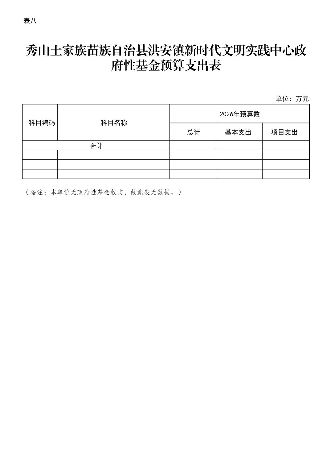 | 秀山土家族苗族自治县洪安镇新时代文明实践中心政府性基金预算支出表 | ||||
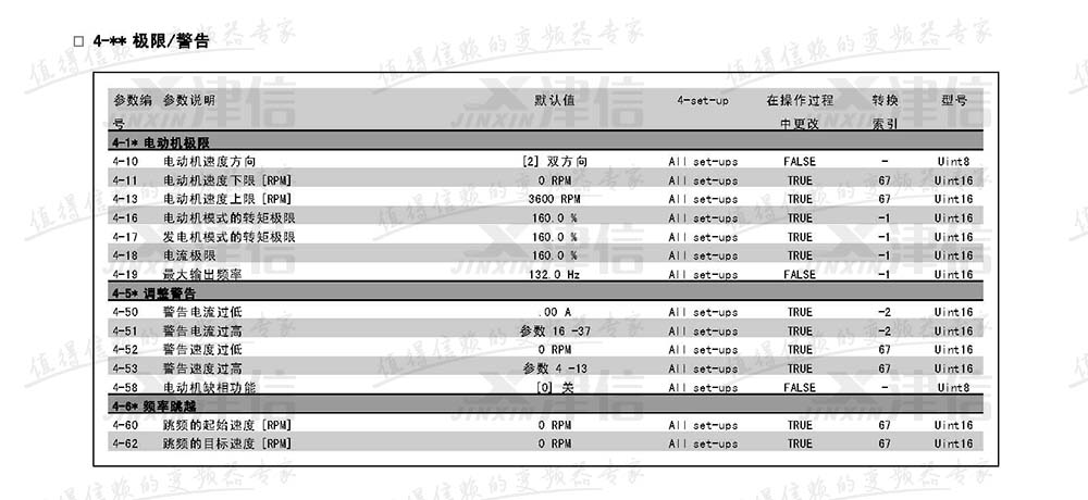 4、FC302變頻器極限和警告參數設置說明
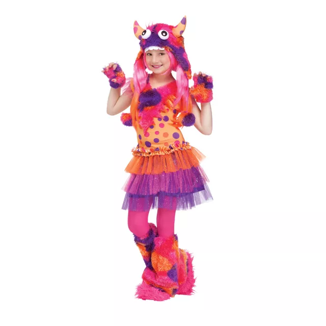 Get goofy - your costume requires it when you wear this Wild Child Monster Girls Costume. In this furry polka-dot tutu dress with waist ruffle, furry mitts, boot covers and crazy character hood, you'll be ready to act weird.

= = = = = = =

* _Aim of the task_
The lines to repeat run from the line containing "4、FC302變頻器極限和警告參數設置說明" through the last line of the material above; give them exactly, without the pictures.

* _Exercise answer_
 4、FC302變頻器極限和警告參數設置說明
 Get goofy - your costume requires it when you wear this Wild Child Monster Girls Costume. In this furry polka-dot tutu dress with waist ruffle, furry mitts, boot covers and crazy character hood, you'll be ready to act weird.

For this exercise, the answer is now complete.